Norma Uy was the beneficiary of an F4 petition filed by her U.S. citizen sister on February 4, 1981. She has a daughter, Ruth, who aged out of derivative status before the F4 petition’s priority date became current in July 2002. Norma and Ruth seek to retain the F4 petition’s 1981 priority date on a new F2B petition Norma has filed on behalf of Ruth.
 For example, imagine that a U.S. citizen filed a petition for an alien relative on September 1, 2002, that was approved by CIS on September 15, 2002, and the beneficiary’s priority date became current on September 15, 2010. The age of a beneficiary or derivative beneficiary for purposes of determining whether she was still a “child” would be determined by subtracting 15 days from her age on September 15, 2010. No adjustment to her age would be made to compensate for the eight years between September 15, 2002, and September 15, 2010. See Ochoa-Amaya, 479 F.3d at 993 (rejecting argument that a petition is “pending” for purposes of § 1153(h)(1)(B) from the date it is filed until the date a visa becomes available).
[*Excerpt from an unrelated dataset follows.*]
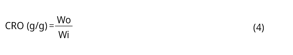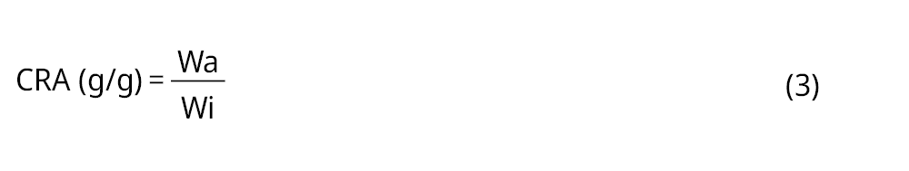 La capacidad de retención de agua se determinó pesando 1 g de cada muestra seca. Las muestras se hidrataron con 30 mL de agua destilada en tubos de centrífuga y se dejaron en reposo a 20 ℃. Después de 18 h, se centrifugaron a 3000 g durante 20 min. Luego se decantó el sobrenadante y se pesó el residuo. La CRA de las muestras se determinó con la siguiente ecuación: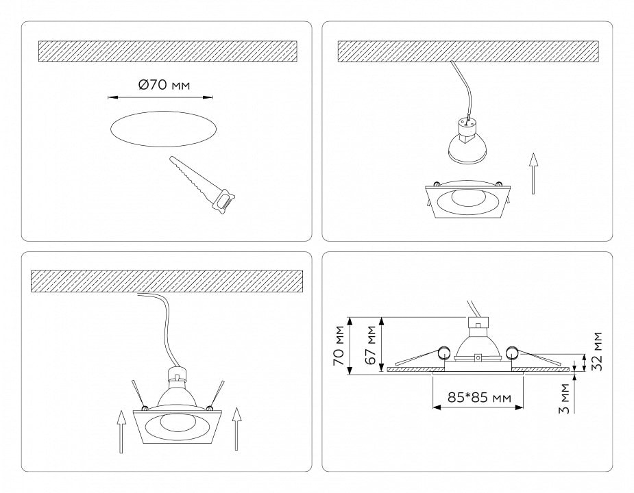 Размер врезного отверстия составляет 70 мм, а упаковка имеет размеры 95x90x40 мм, что делает установку светильника простой и удобной. Степень пылевлагозащиты IP-20 гарантирует надежную работу в помещениях с нормальными условиями эксплуатации.

 It also refers to any employment-based or diversity-based petition for which a child is a derivative beneficiary. See 8 U.S.C. § 1153(b), (c). Those petitions are not relevant to this appeal.
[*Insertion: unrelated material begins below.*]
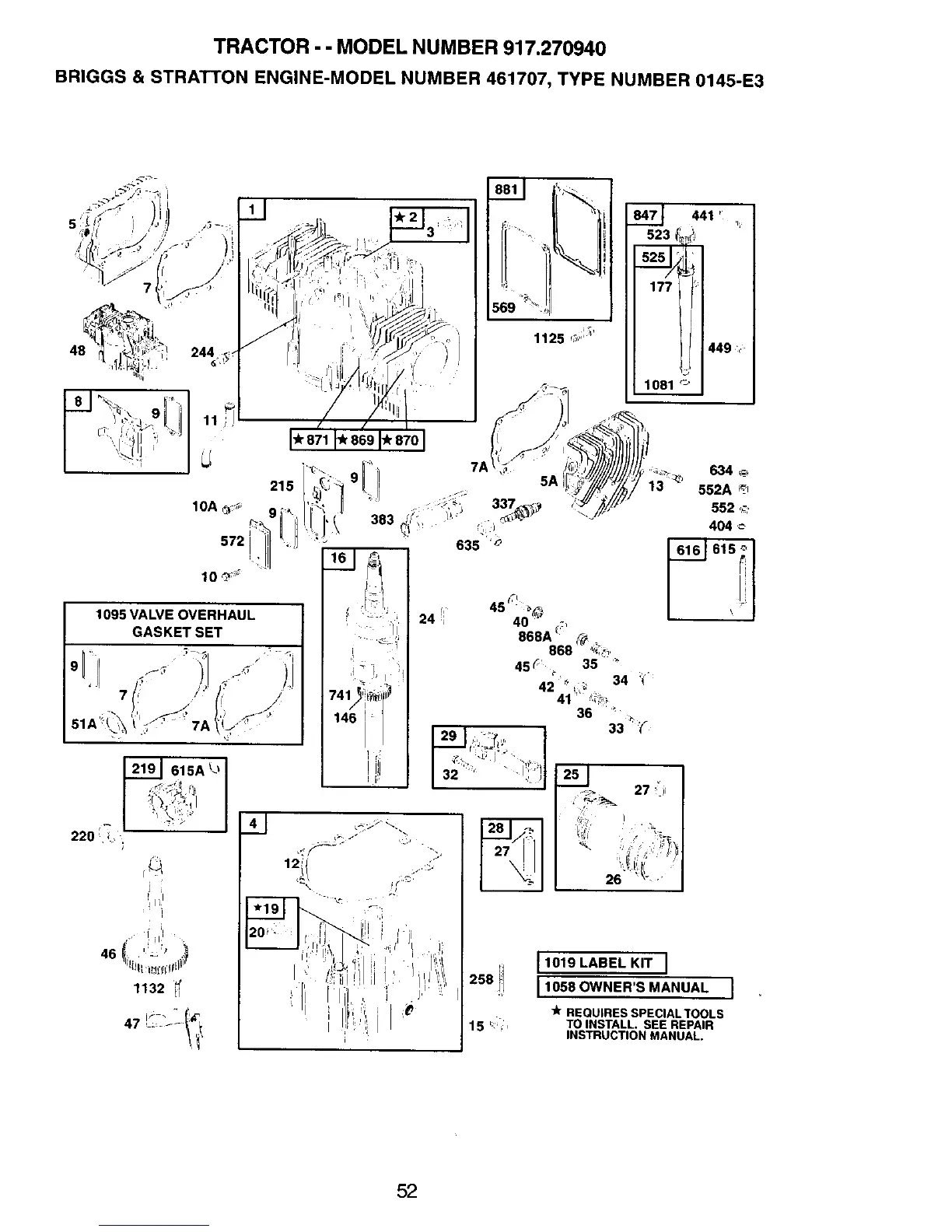 Craftsman 917 - Briggs & Stratton Engine Model Number 461707

 The facts of Cuellar de Osorio’s case illustrate how paragraph (1)’s calculation works with respect to paragraph (3). Cuellar de Osorio’s original F3 petition was filed on May 5, 1998, and approved on June 30, 1998. Thus, it was “pending” for 56 days. Her son, who was a derivative of the F3 petition, was born on July 18, 1984. When the petition’s priority date became current on November 1, 2005, he was 21 years and 106 days old. Subtracting the 56 days of “pending” time, his age is 21 years, 50 days. Therefore, he is 21 or over, and paragraph (3) is triggered.
 To the extent that the government argues that paragraph (3) operates at the moment the derivative turns 21, we disagree. Paragraph (3) cannot possibly operate at the moment the derivative turns 21, because it is not even triggered until the derivative has already been determined to be at least 21 even after subtracting pending petition time as required by paragraph (1). See 8 U.S.C. § 1153(h).
 Note that a child can be either a primary or a derivative beneficiary of an F2A petition. Many families choose to save filing fees by including a child as a derivative on an F2A petition for a spouse rather than as a primary beneficiary on a separate F2A petition.